An increasing number of studies have documented a significant relationship between the pubertal transition and both subclinical depressive symptoms and clinical depression among adolescents (Angold, Costello, & Worthman, 1998; Ge, Conger, & Elder, 1996, 2001a, 2001b; Graber, Lewinsohn, Seeley, & Brooks-Gunn, 1997; Petersen, Sarigiani, & Kennedy, 1991; Susman et al., 1985). Relatively little systematic information, however, is available about the influence of the pubertal transition on the development of depression among African American youngsters.
In two recent studies based on cross-sectional data collected at the first wave of the current project, we reported that, like their European American peers, African American adolescents appear to respond negatively to the pubertal transition (Ge, Brody, Conger, & Simons, in press; Ge, Brody, Conger, Simons, & Murry, 2002). Questions remain, however, as to which youngsters are most affected by this transition and whether its effects differ for African American boys and girls at different ages. Using two waves of longitudinal data collected from African American children when they were 11 and 13 years of age, respectively, the present study was designed to evaluate several alternative hypotheses about the pubertal transitional influences on African American boys and girls.
Three rival hypotheses have been advanced to explain the theoretical link between the pubertal transition and the observed increase in adolescent emotional disturbance (Caspi & Moffitt, 1991; Petersen & Taylor, 1980). The early timing hypothesis predicts that adolescents who mature early should be affected most negatively (Peskin, 1973). This hypothesis originated from the stage termination proposition, which posits that the emotional difficulties that early-maturing adolescents experience stem from their differential preparation for pubertal change (Petersen & Taylor, 1980).
According to this line of reasoning, developmental change is sequential; chronologically ordered developmental tasks in one stage must be successfully completed before an individual moves on to the next developmental stage. Early maturation shortens the time available for children to acquire, assimilate, and strengthen adaptive and coping skills. This curtailed preparatory period may place early maturing adolescents at risk for adjustment difficulties as they confront too soon the new challenges that accompany adolescence. Early physical maturation is a significant risk factor for the development of depression, especially for girls (Ge et al., 1996, 2001a; Graber et al., 1997; Petersen et al., 1991). Most published studies to date, including a previous study from the current project (Ge et al., in press), have used cross-sectional designs to demonstrate the early timing effect, which precludes any inferences about a causal link between puberty and depression.

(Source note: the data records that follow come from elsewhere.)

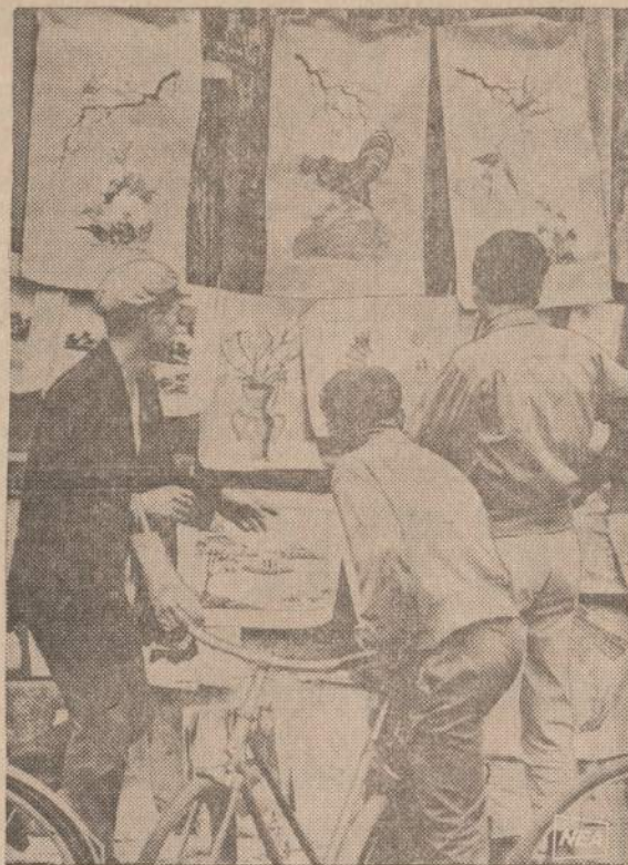
Šiaurės Vietnamo komunistų propaganda paskelbė šia nuotrauką, kur matomas dailininkas, gatvėje išstatęs savo kūrinį parodą.
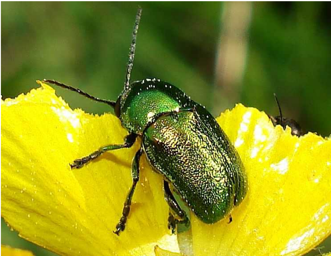
Cryptocephalus cf. aureolus = sericeus

Cryptocephalus aureolus = sericeus – Mide de 5,7 a 8 mm de longitud. Coloración verde metálica, aunque existen ejemplares que tienen reflejos dorados o azul metálico. Los élitros poseen punteado más profundo que el pronoto, y los puntos tienden a alinearse regularmente. El escutelo acaba en punta roma. La larva, durante la ninfosis elabora un capullo que le sirve de protección. El adulto se encuentra sobre diferentes herbáceas, como Ranunculáceas de flores amarillas y diversas compuestas como margaritas, crisantemos y cardos.
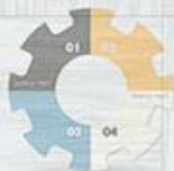
GRAPH DESIGN CONTENTS
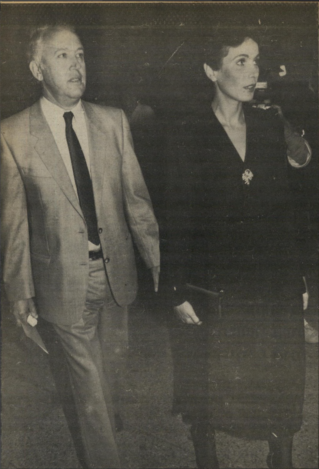
נלה וגר יעקובי יותר מאושר, יותר נוח לבריות

הנערץ עליו, אומרת בסירוש: מרחב ירושלים, ביקעת הירדן, גרש-עציון, השטח שלאורך כביש לטרון, דרום רצועת-עזה וכל הישובים הקיימים בשטח הים לא יכללו באוטונומיה.
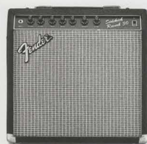
SIDEKICK REVERB 30 ¥39,800 ●出力=30W(RMS) 60W(PEAK) ●スピーカー=12インチ(30センチ)×1 ●コントロール=VOLUME, MASTER, TREBLE, MIDDLE, BASS, PRESENCE, REVERB ●外形寸法・重量=424(W)×414(H)×232(D)mm 11kg ●消費電力=75W ●ヘッドホン端子、ラインアウト、エフェクターループ(センド/リターン端子)、USAアキュロニクス社製リバーブ、リバーベダル端子装備
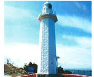
● yamahidakaさん、他85人 hidakasanpo 平成29年3月に立て替えられた紀伊日ノ
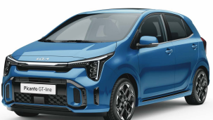
Modrá Sporty (SPB)
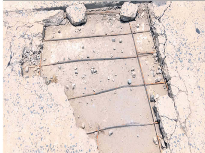
ଗୋଡ଼ଭାଗା- ସୋନପୁର ୪୪ ନମ୍ବର ରାଜ୍ୟ ରାଜପଥର ଗଠରୁମୁମ ଜିରା ନଦୀ ପୋଲ ଉପରେ ଗର୍ଭ ହୋଇ ରତ୍ ବାହାରି ପଡ଼ିଛି ।

ବରଗଡ଼ ଜିଲ୍ଲା ଭେଡ଼େନ ବ୍ଲକ ଅନ୍ତର୍ଗତ ତଥା ଗୋଡ଼ଭାଗା-ସୋନପୁର ୪୪ ନମ୍ବର ରାଜ୍ୟ ରାଜପଥର ଗଠରୁମୁମ ଜିରା ନଦୀ ପୋଲ ଛାତରେ ବଡ଼ ଗର୍ଭ ସୃଷ୍ଟି ହୋଇଛି । ଆବଶ୍ୟକ ମରାମତି ଅଭାବରୁ ସେହି ଗର୍ଭଗୃହିକ ଗଭୀର ହୋଇଛାତର ସେହି ଗର୍ଭଗୃହିକ ଗଭୀର ବାହାରି ପଡ଼ିଛି । ଅପରପକ୍ଷେ ଉଚ୍ଚ ଗର୍ଭରେ ପାଣି ଜମି ରହୁଥିବାରୁ ଗାଡ଼ି ଗୁଡ଼ିକ କାଣି ନପାରି ଲୋକେ ଦୁର୍ଘଟଣାର ସମ୍ମୁଖୀନ ହେଉଛନ୍ତି । ଏପରିକି ବିଗତ ଦୁଇ ବର୍ଷ ମଧ୍ୟରେ ଏଠାରେ ୪ଜଣଙ୍କର ମୃତ୍ୟୁ ହୋଇଥିବା ବେଳେ ଅନେକ ବାଲକ ଆରେହା ଦୁର୍ଘଟଣାର ସମ୍ମୁଖୀନ ହୋଇ ଗୁରୁତର ହୋଇଛନ୍ତି । ଘ୍ନାନୀୟ ଲୋକେ ଏ ନେଇ ପୂର୍ବ ବିଚାରଣ ଦୃଷ୍ଟି ଆକର୍ଷଣ କରିଥିଲେ ବି କୌଣସି ପ୍ରତିକାର ବ୍ୟବସ୍ଥା ଗ୍ରହଣ କରାଯାଇ ନାହିଁ ।
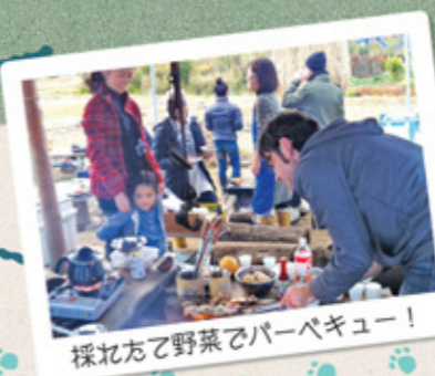
採れ方野菜でパーベキュー!
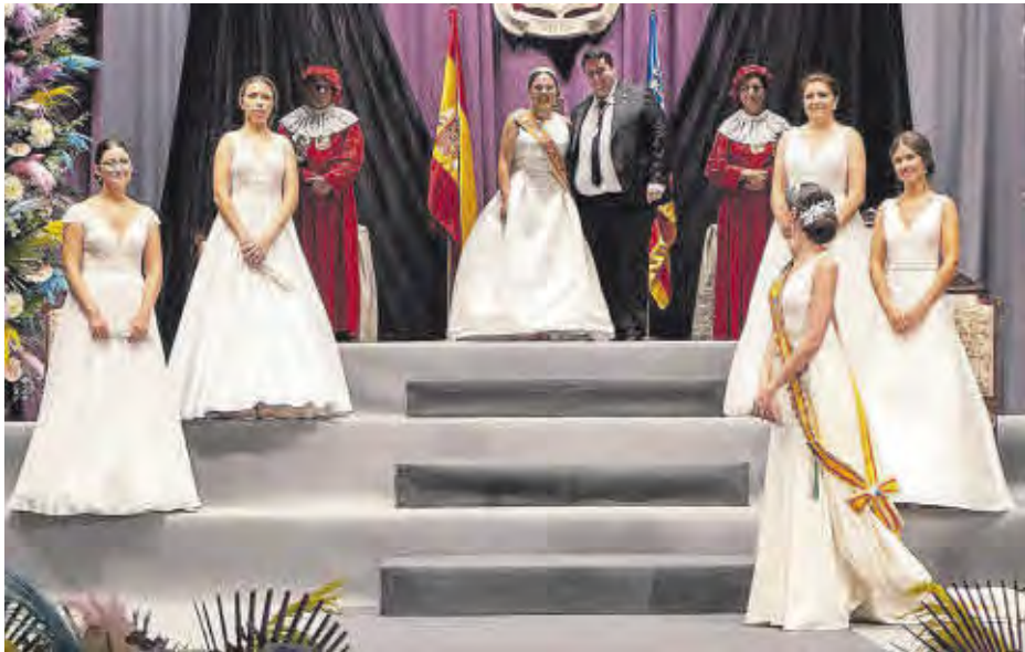
El Teatre Alcázar va acollir un any més l'acte de presentació de la representant de les festes de Nules.
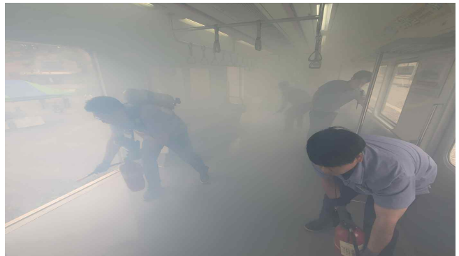
화재 발생 시 응급조치
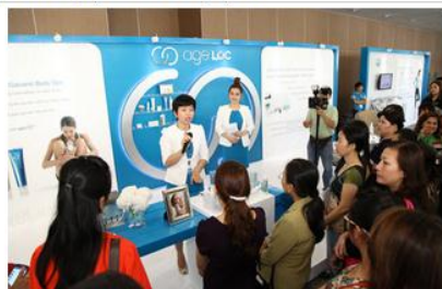
Hàng nghìn nhà phân phối và khách tham quan cáo gian hàng trưng bày và giới thiệu sản phẩm Nu Skin tại lễ khai trương Nu Skin Enterprises ở Việt Nam.

Tại sự kiện này, công ty đã giới thiệu về các sản phẩm chăm sóc cá nhân và thực phẩm dinh dưỡng của Nu Skin. Nhân dịp này, công ty đã đóng góp vào quỹ từ thiện của tổ chức Đông Tây Hội Ngộ (East Meets West) với số tiền 200 triệu đồng trích từ quỹ "Đội ngũ làm vì những điều tốt đẹp của Nu Skin (Nu Skin Force For Good Foundation). Khoản quyền góp này sẽ được dùng trực tiếp cho việc trợ giúp các trẻ em bị bệnh tim bẩm sinh tại Việt Nam.
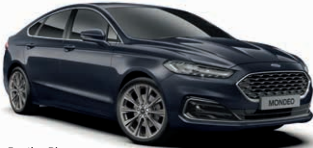
Panther Blue Lakier metalizowany 1 150,-
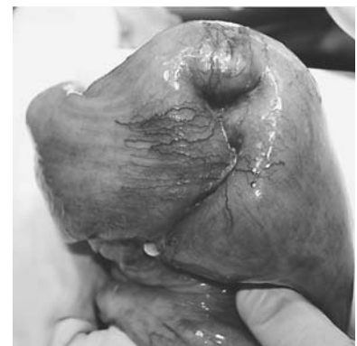
Рис. 3. Опухолевидное образование тощей кишки в виде «двустволки».
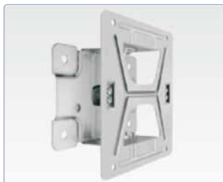
Zubehör: lackierte Schwenkplatte
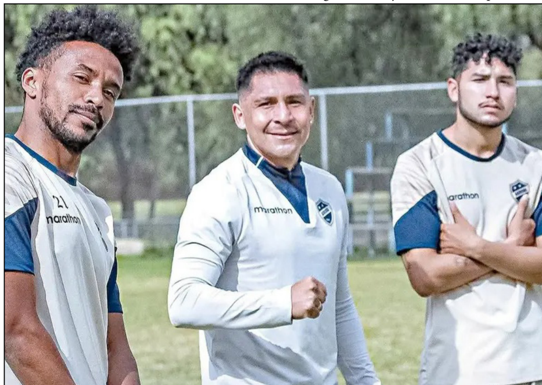
JUGADORES DE AURORA EN UN ENTRENAMIENTO.

Una victoria en el Capriles volvería a dejar la distancia entre Aurora y Wilster a 5 partidos, pero un empate o una nueva derrota podría terminar de sentenciar la ilusión celeste por salvarse del descenso desde el mérito deportivo, aferrándose en consecuencia a la resolución que emita el TAS próximamente.

Because depressed individuals tend to have a history of depression, the researcher’s challenge is to demonstrate that the pubertal transition actually predicts subsequent depressive symptoms even after prior symptom levels have been statistically controlled. The current study met this challenge by using data collected across two waves, when the youths averaged 11 and 13 years of age, to examine the longitudinal significance of early physical maturation in the development of depressive symptoms. The off-time hypothesis predicts that both early- and latematuring adolescents will manifest higher levels of emotional disturbance than will their on-time age-mates.
This hypothesis has its origin in the deviance proposition, which maintains that departure from the typical scheduling of life events places early and later maturers in deviant categories, compared with their on-time peers. Because transitions that occur at the expected ages are socially predictable and culturally acceptable, adolescents who mature on time should be affected less negatively than either their early- or late-developing peers. From this perspective, those who begin puberty earlier or later than their age-mates are at higher risk for emotional problems. The off-time hypothesis has received varying degrees of empirical support. Alsaker (1992), for example, reported that both earlyand late-maturing boys showed elevated depressive symptoms compared with their on-time peers.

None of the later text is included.